Note: The usual definition of cryogenic temperatures is that they are temperatures of 120 K (about −150°C) and lower.

2) What are the temperature limits of electronics?

At the low end, operation of semiconductor-based devices and circuits has often been reported down to temperatures as low as a few degrees above absolute zero, in other words as low as about −270°C. This includes devices based on Si, Ge, GaAs and other semiconductor materials. Moreover, there is no reason to believe that operation should not extend all the way down to absolute zero.

On the high end, "laboratory" operation of discrete semiconductor devices has been reported at temperatures as high as about +700°C (for a diamond Schottky diode) and 650°C (for a SiC MOSFET). Integrated circuits based on Si and GaAs have operated to +400−500°C. Si ICs have been reported to operate at +300°C for 1000 hours or longer.

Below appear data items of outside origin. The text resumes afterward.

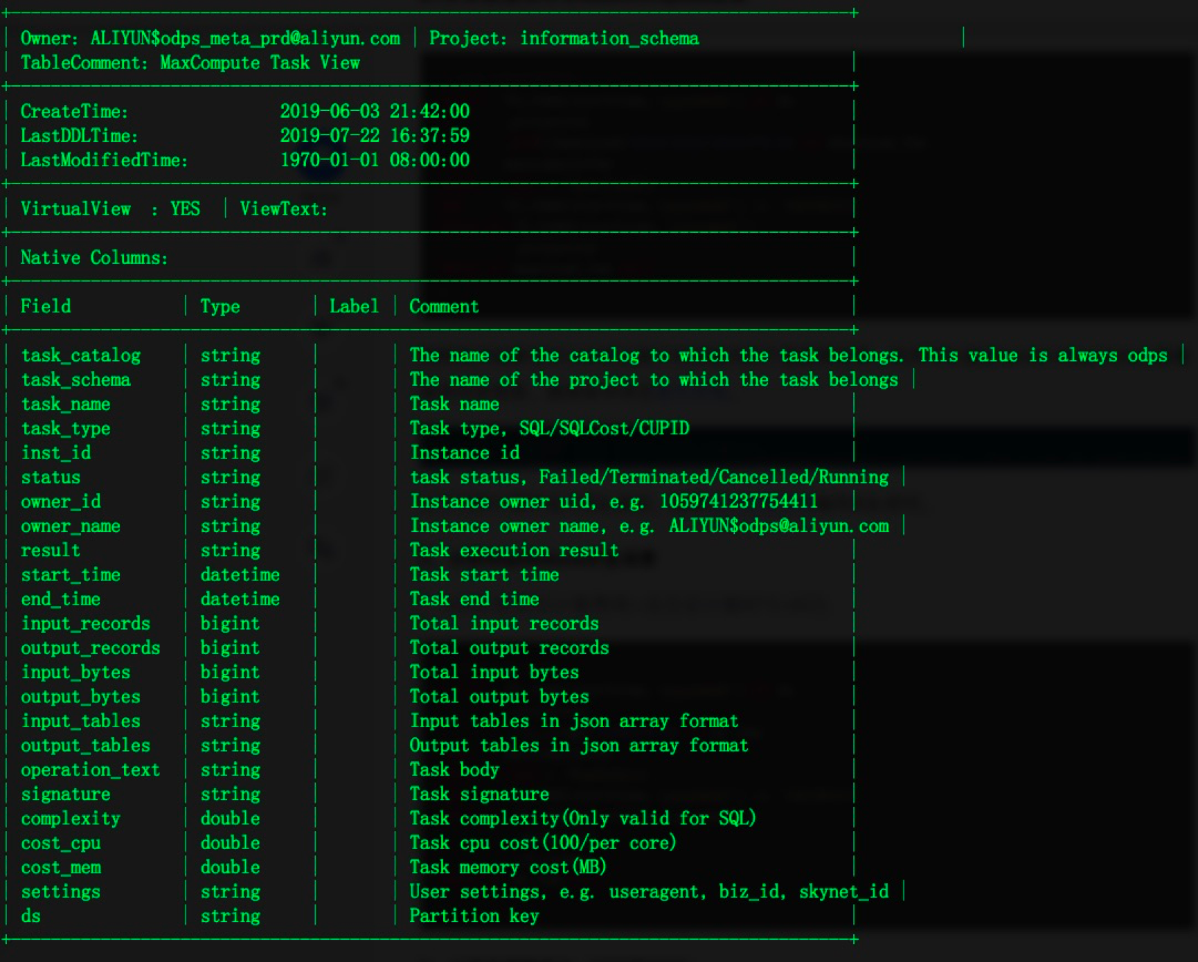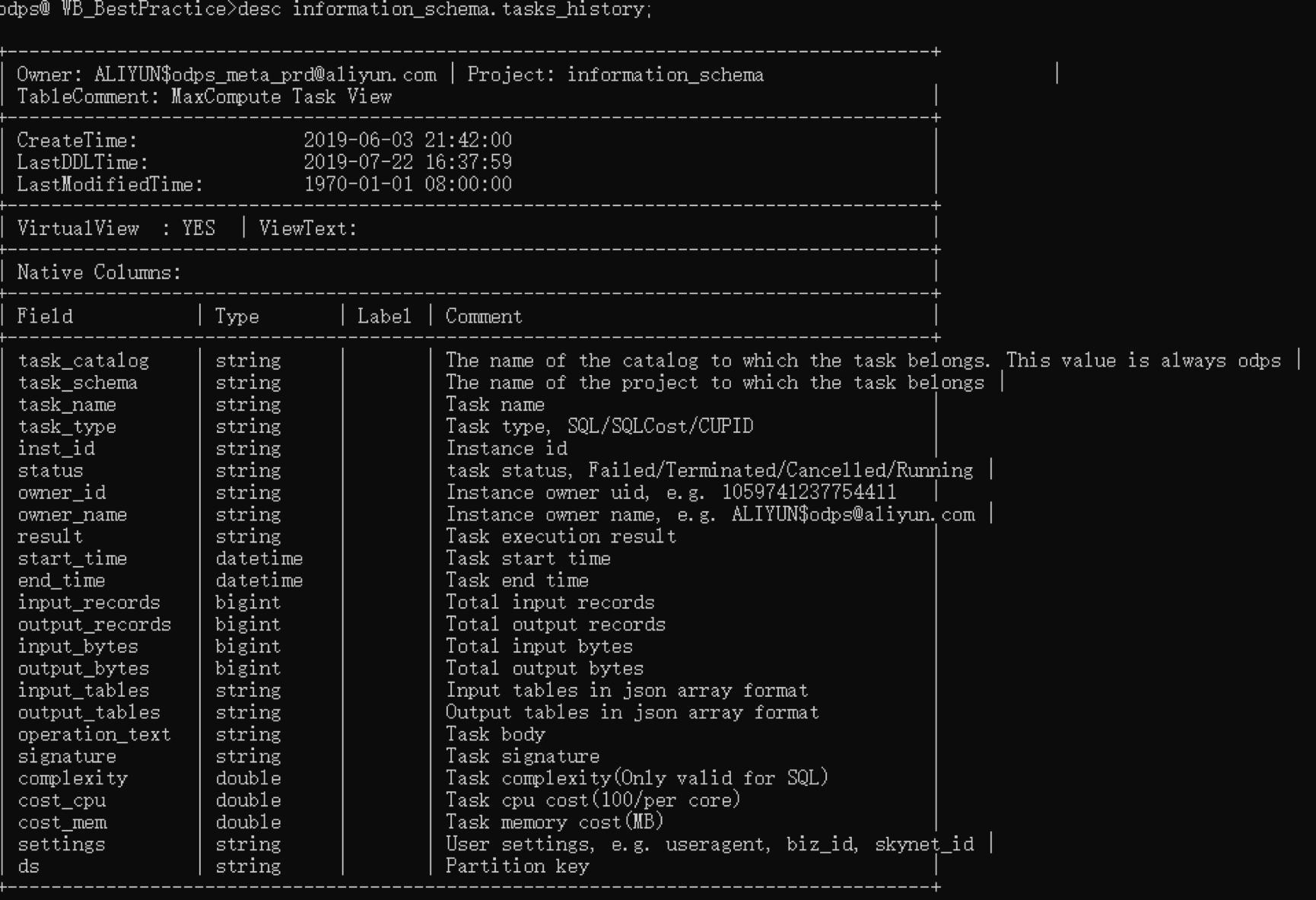 odps@ myproject1 > desc information_schema.tasks_history;如下如所示:
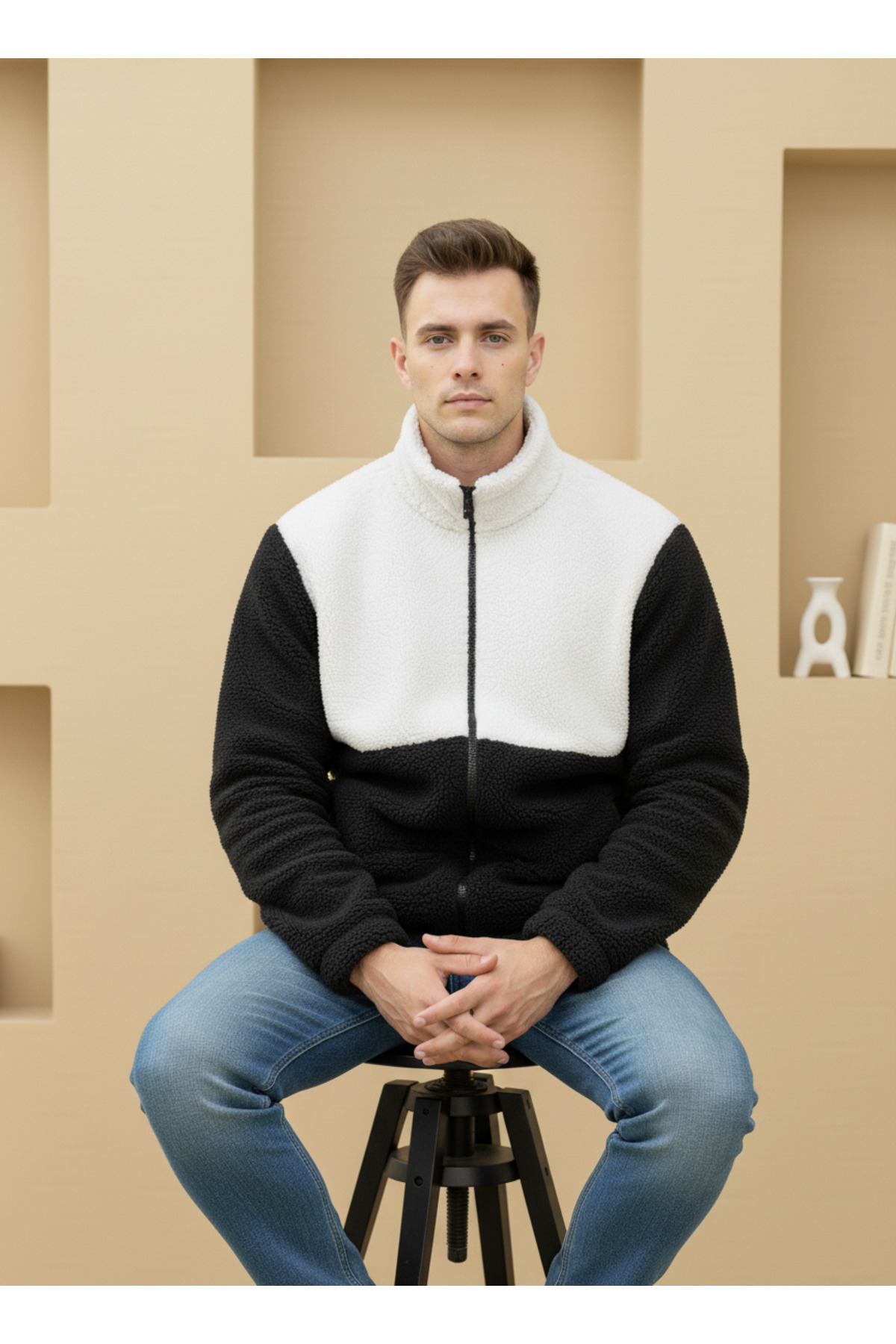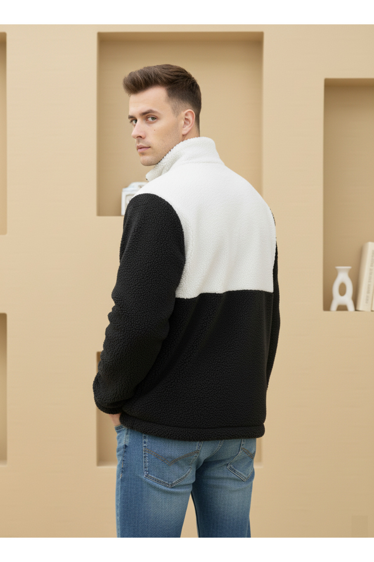 Unisex, Siyah-Beyaz, Renk Bloklu, Fermuarlı, Dik Yaka, Sherpa, Polar, Ceket Unisex, Siyah-Beyaz, Renk Bloklu, Fermuarlı, Dik Yaka, Sherpa, Polar, Ceket GHT001 2XL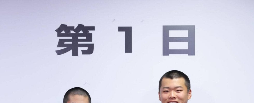 【写真】対戦が決まり健闘を誓う阿南光の佐藤柊平主将(左)と中京大中京の荻田翔惺主将(代表撮影)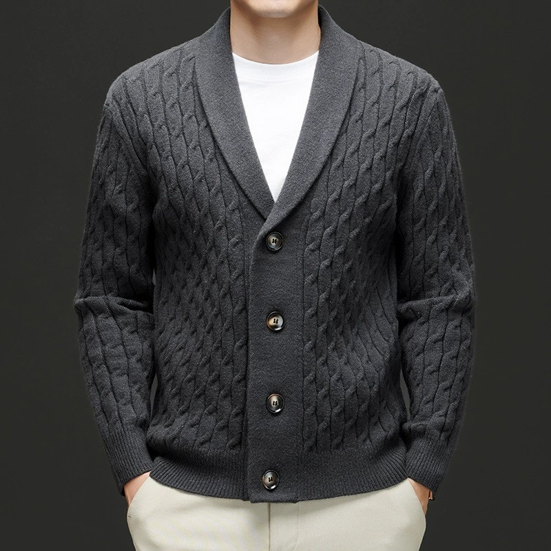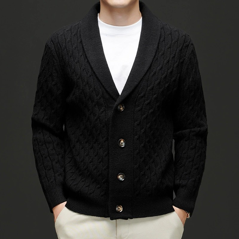 Crafted from 36%-40% premium wool, this 2024 autumn/winter cardigan offers both warmth and breathability. The fine yarn and thick knit provide a cozy feel, while the embroidered detailing adds a sophisticated touch. Designed with a tailored fit and a classic turn-down collar, it suits middle-aged men seeking stylish comfort. Available in black, gray, off-white, and deep brown, this casual yet fashionable cardigan is easy to care for with machine washable fabric and moisture-wicking properties, ideal for the spring and autumn seasons.

Covering both extremes, there are reports of the same transistor working from about −270°C to about +350 to +400°C, an operating temperature span of over +600°C!

Also, many passive components are useable to the lowest temperatures or up to several hundred degrees Celsius.

Bear in mind, however, that operation at extreme temperatures is not automatically true for every semiconductor device or passive component; operation at extreme temperatures depends on a number of materials and design factors.

3) Are these temperature limits attainable for practical applications?

At the low-temperature end, practical operation of devices and circuits is reasonably achievable to as low a temperature as desired, bearing in mind that materials and designs appropriate to the temperature must be used. The various characteristics of a device may improve or degrade. In particular, below about 40 K (about −230°C) Si devices often exhibit significant changes in characteristics.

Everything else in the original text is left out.